On reserves, Bank Negara Malaysia's international reserves stood at USD 126.6 billion as of March 31, 2026, sufficient to finance 4.6 months of goods and services imports and equivalent to 0.9 times short-term external debt.
Sector and Key Highlights
USD/MYR
USD/MYR continues to battle around the 3.95 psychological level. A hawkish Fed tone could support the dollar in the near term, but Malaysia's trade surplus, resilient E&E exports, and ample reserves remain key buffers for the Ringgit.
SGD/MYR
Based on USD/MYR near 3.9475 and SGD/USD near 0.7833, SGD/MYR is estimated around 3.09. The Singapore dollar remains supported by Singapore's exchange-rate-based policy framework, while Ringgit stability keeps the pair locked in a 3.09–3.11 consolidation range.
Commodity Linkages
The sharp rise in oil prices has a two-sided impact on the Ringgit. Malaysia may benefit from higher energy-related export revenues, but if oil prices lift global inflation and delay Fed easing, the resulting dollar strength could pressure emerging-market currencies.
Currencies to Watch (For Observation Only)
| Currency Pair | Current Level (Est.) | Reason for Observation |
|---|---|---|
| USD/MYR | Around 3.95 | Fed decision, PCE data, and oil-price shock are the key short-term drivers. |
| SGD/MYR | Around 3.09 | Tug-of-war between Singapore's FX policy support and improving Ringgit fundamentals. |
Market Drivers
- Fed Decision Risk: Markets expect no rate change, but the statement and Powell's tone will guide the dollar.
- Oil Price Surge: Middle East supply risk pushed Brent above the USD 110 area, raising inflation uncertainty.
- Trade Surplus Support: Malaysia's RM24.55 billion March trade surplus reflects resilient external demand and manufacturing exports.

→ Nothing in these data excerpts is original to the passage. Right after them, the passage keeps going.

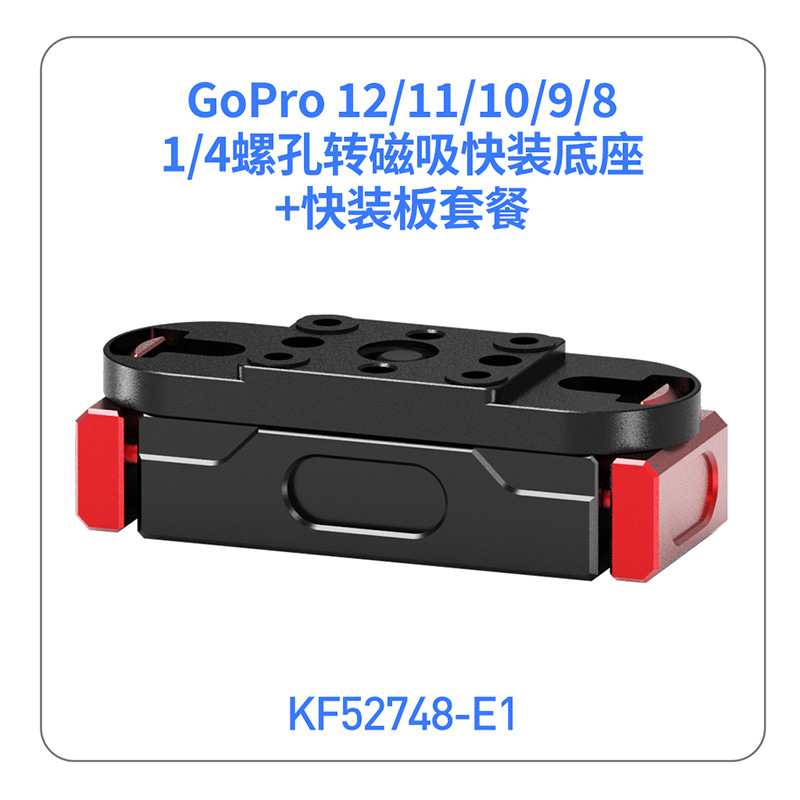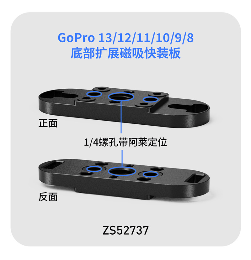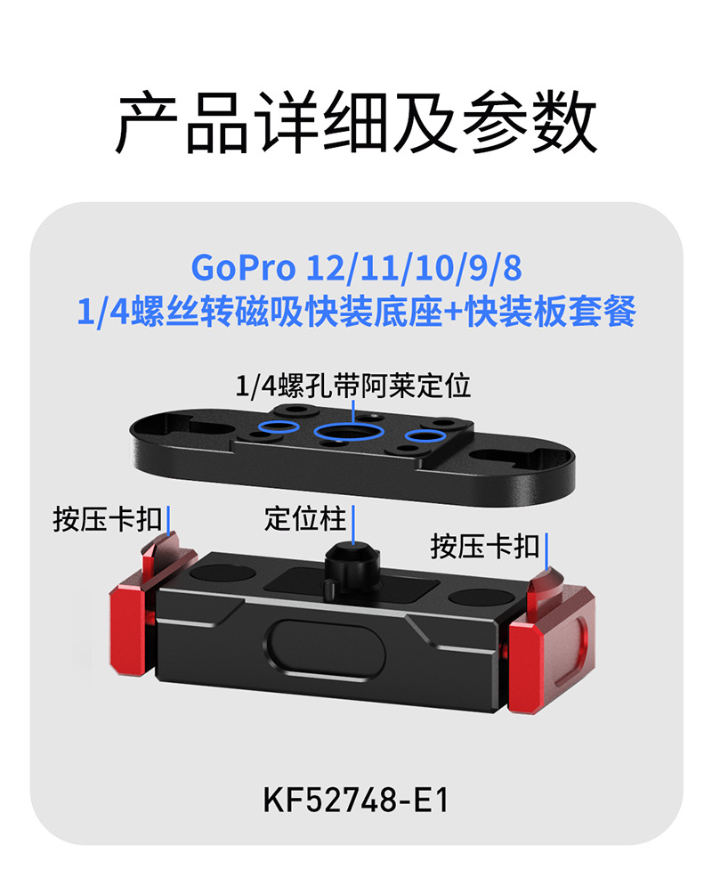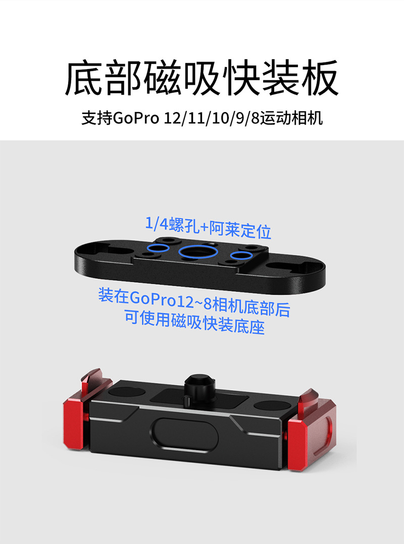 标题:适用GOPRO底部替换座套件 铝合金磁吸快拆快装底座 1/4螺孔阿莱定位孔 N52强磁 双边弹性卡扣 适用于GoPro12/11/10/9/8相机替换 适用于带1/4螺杆亦或1/4阿莱定位配件
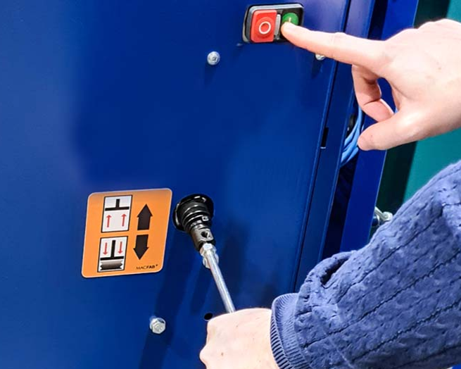 Sistema de operación con dos manos, evitando atrapamientos y accidentes.
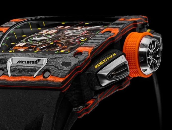 The latest venture in the Richard Mille-McLaren-Honda alliance: The RM 11-03 McLaren Automatic Flyback Chronograph, a timepiece that allows wearers to quickly restart the stopwatch function to time the next lap.

- Adequate Reserve Buffer: BNM's USD 126.6 billion reserves remain a key stabilizer.
- Emerging-Market Risk Appetite: Higher oil could push capital toward the dollar, while a dovish Fed could help the Ringgit recover.
Outlook
Analysts expect USD/MYR to trade in a 3.93–3.98 range in the near term. If the Fed maintains a neutral-to-dovish tone and US PCE comes in softer than expected, the Ringgit could retest the 3.93 and potentially 3.90 zones. However, if oil prices continue to rise and inflation expectations move higher, USD/MYR may challenge the 3.97–3.98 resistance area again.